ACTIVITY
Write the data below out exactly as it stands. Do not include the pictures.

RECORDED DATA

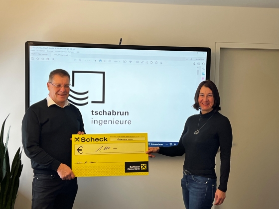 Bild: Gerhard Tschabrun und Susanne Marosch bei der Scheckübergabe – Download Foto.
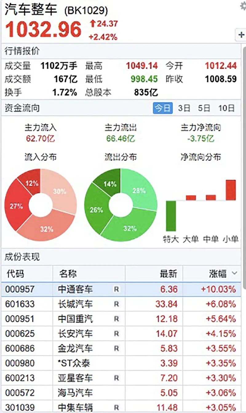受到汽车下乡政策有望出台消息的刺激,A股、港股汽车板块今日再度联袂上涨。A股中通客车“四连板”,港股蔚来涨近7%。
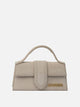 Jacquemus "Le Bambino" handbag made of waterproof nubuck with a rigid structure. The padded top handle is integrated into the compact geometric silhouette. Magnetic flap closure ensures the protection of interior items. Model is fully lined in cotton, with contrasting dyed edges. Functional elements include a detachable long shoulder strap and a back patch pocket, complemented by gold metal trim and logo.

WRITTEN RESPONSE
 Bild: Gerhard Tschabrun und Susanne Marosch bei der Scheckübergabe – Download Foto.
受到汽车下乡政策有望出台消息的刺激,A股、港股汽车板块今日再度联袂上涨。A股中通客车“四连板”,港股蔚来涨近7%。
 Jacquemus "Le Bambino" handbag made of waterproof nubuck with a rigid structure. The padded top handle is integrated into the compact geometric silhouette. Magnetic flap closure ensures the protection of interior items. Model is fully lined in cotton, with contrasting dyed edges. Functional elements include a detachable long shoulder strap and a back patch pocket, complemented by gold metal trim and logo.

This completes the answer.